Posts Tagged ‘Cheyenne’

Tags group subjects together this way you can find out which events and people are linked together in American history.

The Indian Wars of 1865 – 1899

The years and decades after the Civil War witnessed tremendous westward expansion — expansion that was fundamentally incompatible with the traditional lifestyle of the Indians. A final showdown was inevitable and it came in a series of Indian Wars between the so-called “hostiles” — tribes or tribal factions who resisted expropriation of their lands and refused to live on reservations — and the U.S. Army. Between 1865 and 1890, the Army battled many tribes in many places. It fought Apaches in the Southwest, Bannocks, Modocs, Utes and Nez Perce in the Northwest; and on the Plains, Kiowas, Comanches, Cheyennes, Arapahoes, and largest and most powerful of the Indian tribes, Sioux. With their superior horsemanship and knowledge of terrain, the Indians were not without victories. In 1868, Chief Red Cloud won his two-year campaign to oust the Army from forts along the Bozeman Trail, a route which passed through Sioux hunting grounds in the Powder River country of Wyoming. And, in 1876, Sioux and Cheyenne warriors defeated U.S. troops in battles at the Rosebud and the famous Little Big Horn. But in the end, the Army — superior in numbers and technology — prevailed, aided in part by the destruction of the buffalo, the Plains Indians’ primary source of food.
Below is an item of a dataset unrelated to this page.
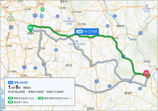 ▶ 이동 거리 / 접근성: 7점 (수원시청역 >> 충북 킹스데일 GC)
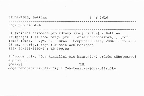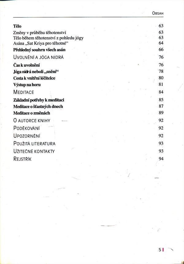 Jedná se o druh jógy, který zahrnuje nejen soubor tělesných a dechových cvičení, ale také meditaci, přičemž základem je správné dýchání. Cviky (ásany) jsou zaměřeny na posílení jednotlivých vnitřních orgánů a částí těla s důrazem pro nalezení duševní rovnováhy, prohloubení vztahu k dítěti a zmírnění nepříjemných těhotenských příznaků. Text je doplněn množstvím instruktážních fotografií a závěrem jsou popsány dvě jednoduché meditace určené nastávajícím matkám.

Tags: Cheyenne, Chief Red Cloud, Civil War, Little Big Horn, Sioux


African-Americans on the Western Frontier

African-Americans were active participants on the western frontier, particularly in the years after the Civil War. Many cowboys were black, skilled as cowhands, horsebreakers and riders on the long drive. Although the top jobs of trail boss and ranch foreman were closed to them, blacks often filled the next most authoritative position — the chuckwagon or ranch cook. Blacks also homesteaded. In the late 1870s, tens of thousands of black “Exodusters” fled the poverty and discrimination of the post-Reconstruction South to found farming communities in Kansas, such as Nicodemus. And blacks served with distinction in the Indian Wars of 1865-1890. Two cavalry regiments (the Ninth and Tenth) and two infantry regiments (the Twenty-Fourth and Twenty-Fifth) of the U.S. Army were composed of blacks, under white officers. These “buffalo soldiers” — as the Indians called them because of the texture of their hair — fought in numerous engagements against Cheyenne, Comanche, Kiowa, Apache, Ute and Sioux warriors, several times coming to the aid of beleaguered white troops. they also took part in patrolling the disquiet Texas-Mexican border and staffed the garrisons of many frontier posts. Between 1870 and 1890, 14 black soldiers were awarded the Congressional Medal of Honor for bravery as were four black Army scouts.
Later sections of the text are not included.